◆ What is being asked ◆
An exact copy of the data is required, with no pictures in it.

◆ Dataset excerpt ◆
###

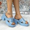 Летние новые модные туфли на высоком каблуке, женские повседневные туфли на толстом каблуке, женские уличные тапочки, обувь Zapatos De Mujer
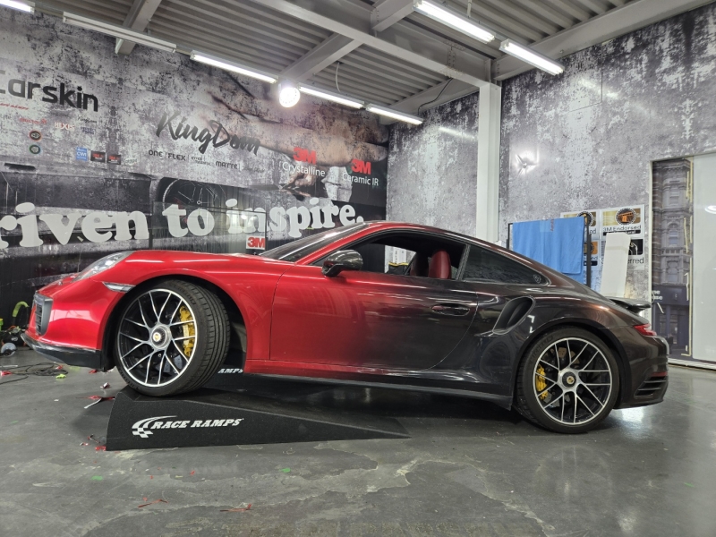 [팀카스킨 화성] 포르쉐 911 터보S 앞범퍼 재시공 Avery Gloss Metallic Soul Red UWF - 227GM
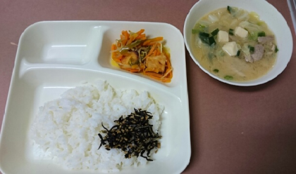 まぜまぜふりかけは、ひじきとだいこん葉を砂糖・みりん・しょうゆで味つけし、いりごまを加えたふりかけでみんな食べやすかったようでご飯も良くたべていました。

###

◆ Answer ◆
 Летние новые модные туфли на высоком каблуке, женские повседневные туфли на толстом каблуке, женские уличные тапочки, обувь Zapatos De Mujer
 [팀카스킨 화성] 포르쉐 911 터보S 앞범퍼 재시공 Avery Gloss Metallic Soul Red UWF - 227GM
 まぜまぜふりかけは、ひじきとだいこん葉を砂糖・みりん・しょうゆで味つけし、いりごまを加えたふりかけでみんな食べやすかったようでご飯も良くたべていました。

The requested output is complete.